Dana Banpol Naik PPP Alhamdulillah …

Dana Banpol Naik PPP Alhamdulillah …

PPP  JAKARTA — Partai Persatuan Pembangunan (PPP) menyambut baik rencana kenaikan dana bantuan terhadap partai politik dari negara mulai 2018. Dana bantuan parpol akan naik menjadi Rp 1.000 per suara dari semula Rp108 per suara. “PPP ya mengucapkan Alhamdulillah,” ujar Sekretaris Jenderal PPP, Arsul Sani kepada wartawan.

Menurut Arsul, kenaikan dana bantuan terhadap parpol penting mengingat dana bantuan parpol yang ada saat ini sangat kecil dan masih jauh dari harapan.
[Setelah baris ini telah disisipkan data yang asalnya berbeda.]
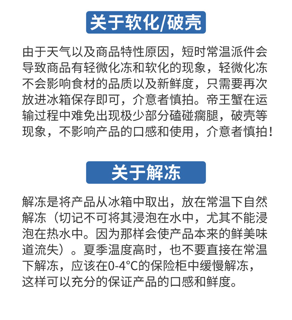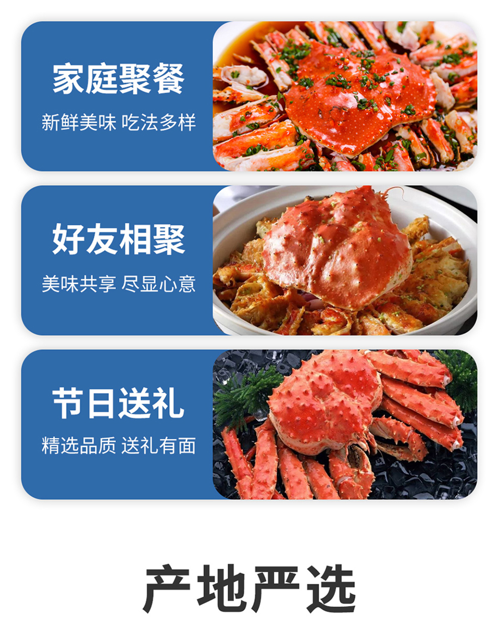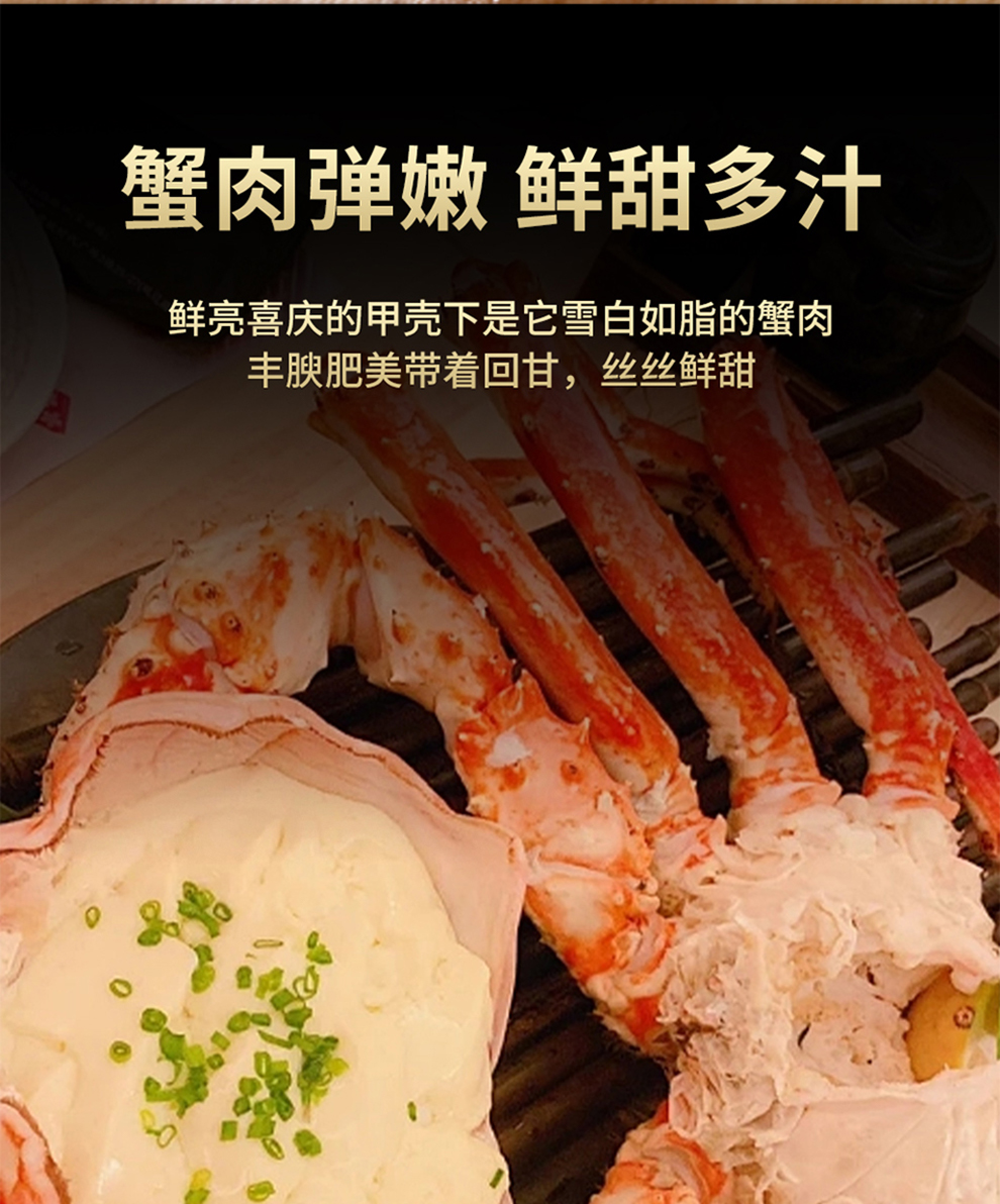 智利帝王蟹生活于深海,生存深度达850米之深,因此远离污染,肉质鲜美营养丰富,帝王蟹捕捞上传后,立即在船上熟冻加工处理,保证帝王蟹的鲜度和口感。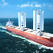 Hasta un 30 % menos de emisiones. Este carguero se convierte en el primero en estrenar dos de estas WindWings y echarse al océano. Se trata de dos gigantescas velas de 37,5 metros que están fabricadas en un compuesto dde acero y vidrio, el mismo material que el de alas de las turbinas eólicas. Al llegar a puerto se pliegan y en aguas abiertas se despliegan. Su cometido es el de asistir a la mecánica térmica gracias al viento.

Sehingga tidak mencukupi untuk pembiayaan parpol khusus untuk pendidikan politik atau pengkaderan.

Dengan rencana kenaikan Rp 1.000 per suara tersebut, kata Arsul, maka sesuai perhitungan PPP akan mendapat bantuan sekitar Rp 8,2 miliar. Meski pun menurutnya tidak bisa mencukupi pembiayaan pendidikan politik atau pengkaderan parpol tersebut.

“Tentu belum, karena total untuk PPP berkisar Rp 8,2 miiliar, kebutuhan kami sekitar Rp 40 miliar hingga Rp 50an milar, tapi ya lumayanlah ada peningkatan untuk kegiatan pendidikan politik dan perkaderan,” ujar Anggota Komisi III DPR tersebut.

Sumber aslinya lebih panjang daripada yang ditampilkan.